【Noh Theater & Masks】
Noh Theater
Noh is a form of traditional Japanese theater that has been practiced in one form or another since the fourteenth century. In addition to the actors who portray the main protagonist (shite) and supporting characters, a Noh performance includes musicians, stage attendants, and a chorus that sings the narration and dialogue. The chorus often delivers lines for the shite, who conveys the emotions of his character through posture and movement rather than their own voice. Noh actors also commonly wear masks to indicate a particular character archetype, and these greatly limit their facial expressions. Given these constraints, Noh actors must be able to evoke nuanced emotion through subtle physical movements.

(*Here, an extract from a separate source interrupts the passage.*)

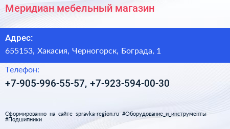 Меридиан, мебельный магазин по адресу 655153, Хакасия, Черногорск, Бограда, 1 в дальнейшем Организация, размещена в следующих категориях:

Noh was initially performed outdoors, and that tradition is represented in the roof above the stage and the pine tree painted on the back wall. The four columns supporting the roof also provide vital visual landmarks for the shite, who can see very little of the stage when wearing a mask. The covered bridge leading to the main stage (hashigakari) is used to indicate travel and settings outside the main scene.
Noh Masks
Masks have been a fundamental part of Noh since the beginning of its development. Although the masks cover the actors’ faces, they are carved in such a way that the mask’s expression can be softened or hardened by tilting the face up or down. Initially, a wide variety of different masks were used, but certain common characteristics gradually came to be associated with specific characters and archetypes.
In addition to the masks that are used exclusively for a variation of Noh called okina, Noh masks can be largely grouped into those representing elders (jō), women (onna), men (otoko), demons (kijin) and spirits (ryō). Within these types are numerous subtypes encompassing some 60 different common characters who can be further expanded into 250 or more different variations. The museum collection of masks spans all genres of Noh and includes items that were commissioned or collected in the first decades of the twentieth century by the fifteenth head of the Ii family, Ii Naotada (1881–1947).